Les patientes doivent indiquer toute prise régulière de médicaments. L'aspirine, les anti-inflammatoires non-stéroïdiens et tous les médicaments à base de plantes doivent être évités durant les trois semaines précédant la chirurgie. On peut aussi vous recommander d’arrêter le tamoxifène en raison du risque augmenté de thrombose et d'embolie.

Une explication détaillée de l’opération est donnée, y compris les risques et les complications possibles, à la fois pour le site donneur et pour le site receveur. Les soins, l’évolution et la récupération post-opératoires habituels sont expliqués. Toute question résiduelle est satisfaite, et la motivation de la patiente est évaluée. Toute personne indécise quant à l’intervention doit avoir le temps nécessaire pour y réfléchir ou bénéficier d’un autre type de reconstruction mammaire.
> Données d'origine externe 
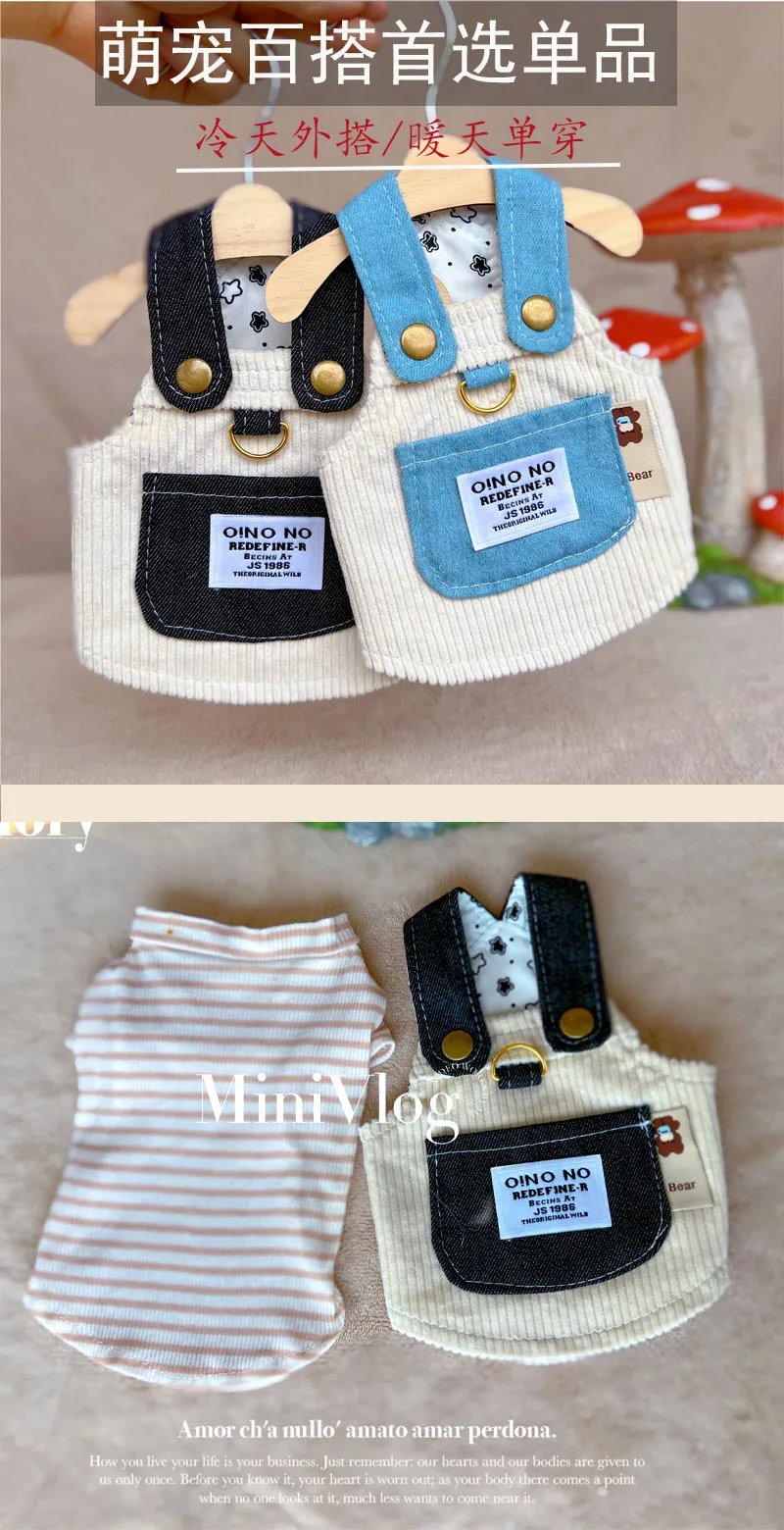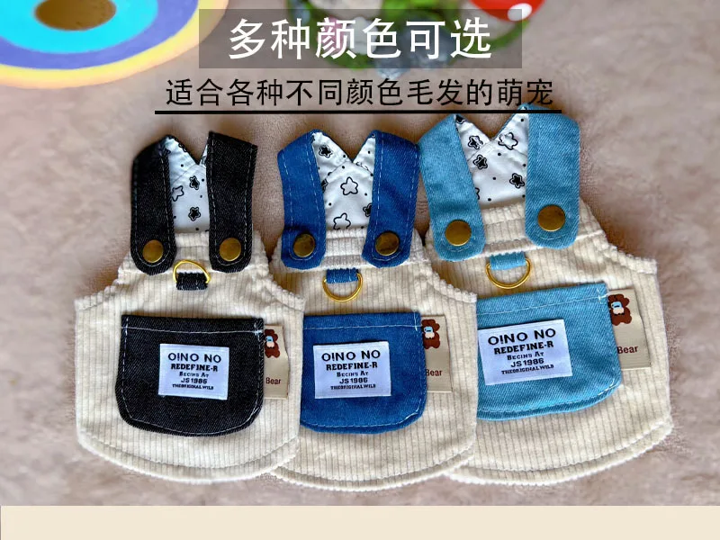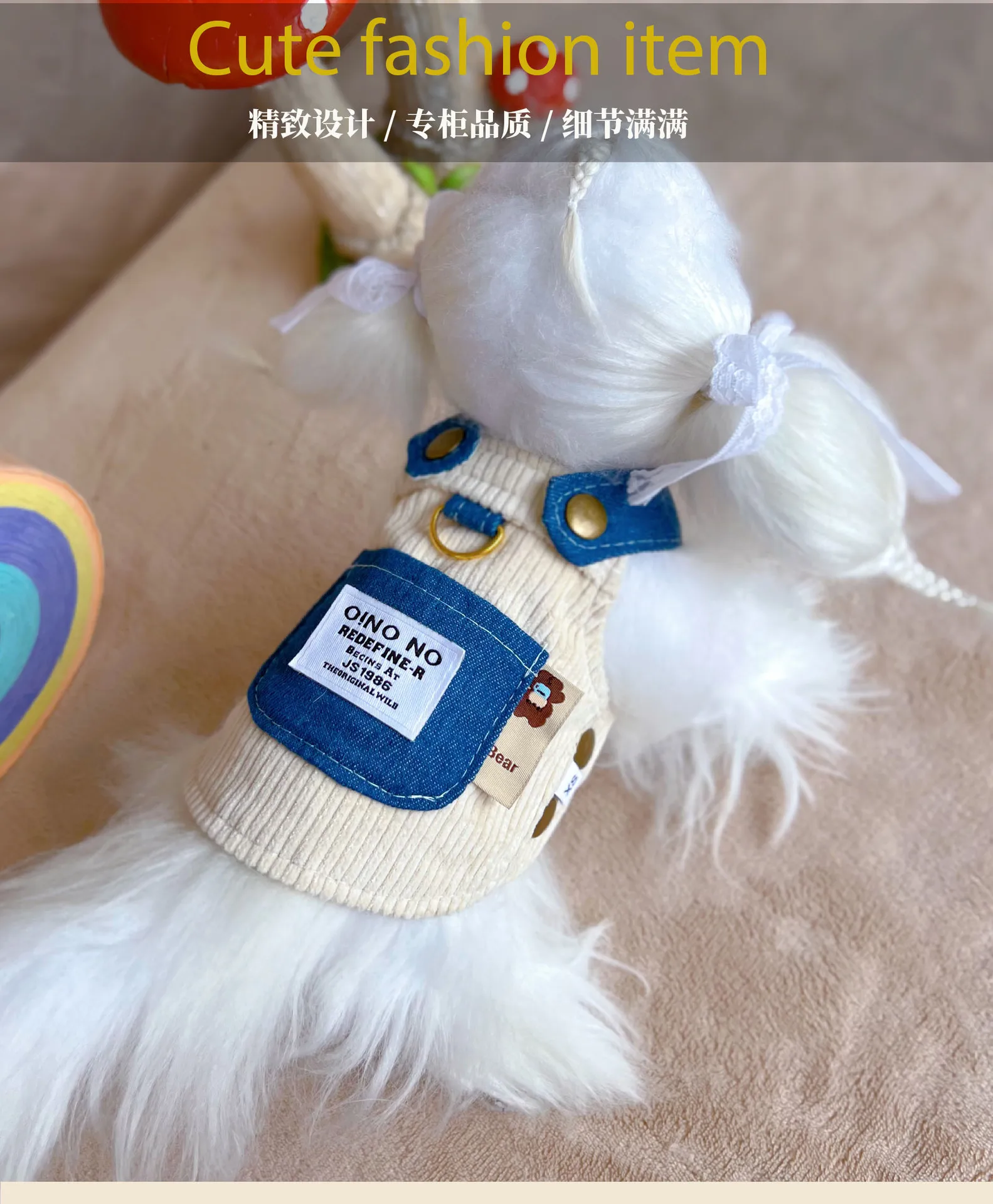 Falda de pana versátil para mascotas, ropa de bolsillo de vaquero para perros, oso de peluche, gato, Otoño e Invierno

Les examens préopératoires comprennent une étude de l'anatomie vasculaire de la plupart des sites donneurs potentiels. Par exemple, bien qu'il soit possible de prélever un lambeau DIEAP sans connaître la taille et la position exactes des perforantes, nous pensons qu'il est plus sûr et plus rapide de le faire en possédant ces informations à l'avance. Une angiographie par scanner est donc effectuée systématiquement pour les lambeaux DIEAP, afin de créer une carte en trois dimensions des vaisseaux perforants avec leurs coordonnées centrées sur l'ombilic. Non seulement l'emplacement et le diamètre des vaisseaux sont évalués, mais aussi leur flux sanguin et l’arborisation de leurs affluents. Cela contribue grandement à la bonne planification.

L'anatomie vasculaire des lambeaux fessiers varie beaucoup moins. C’est pourquoi un examen Doppler préopératoire manuel est généralement suffisant.

Les vaisseaux mammaires internes sont aussi évalués, car ils sont nos vaisseaux receveurs préférés en reconstruction mammaire.

D'autres examens préopératoires peuvent être organisés en fonction de vos différents problèmes de santé.

Il est conseillé d'éviter les aliments riches en fibres la veille de l'intervention et de ne pas manger ni boire après minuit. Préparez à l’avance de la nourriture, des boissons et des médicaments contre les douleurs en prévision de votre retour à domicile, surtout si vous vivez seule. Il peut aussi être utile d’organiser une aide ménagère pour la durée de votre rétablissement, que ce soit  par la famille et les amis ou par le biais de votre assureur médical.

Évitez l’utilisation des lotions, crèmes et parfums sur votre peau au cours des 24 heures avant l'intervention. Prenez avec vous des vêtements confortables, amples et élastiques car votre mobilité sera réduite immédiatement après votre opération. Votre séjour à l'hôpital dure habituellement entre 4 et 8 jours, s'il n'y a pas de complication.

Une fois à l’hôpital, on vous demandera de laver votre peau avec un savon désinfectant, de mettre des bas de compression et de vous raser la région pubienne. Votre chirurgien dessinera les marquages nécessaires à la chirurgie et prendra des photographies préopératoires. Les infirmières vous amèneront ensuite en salle d'opération.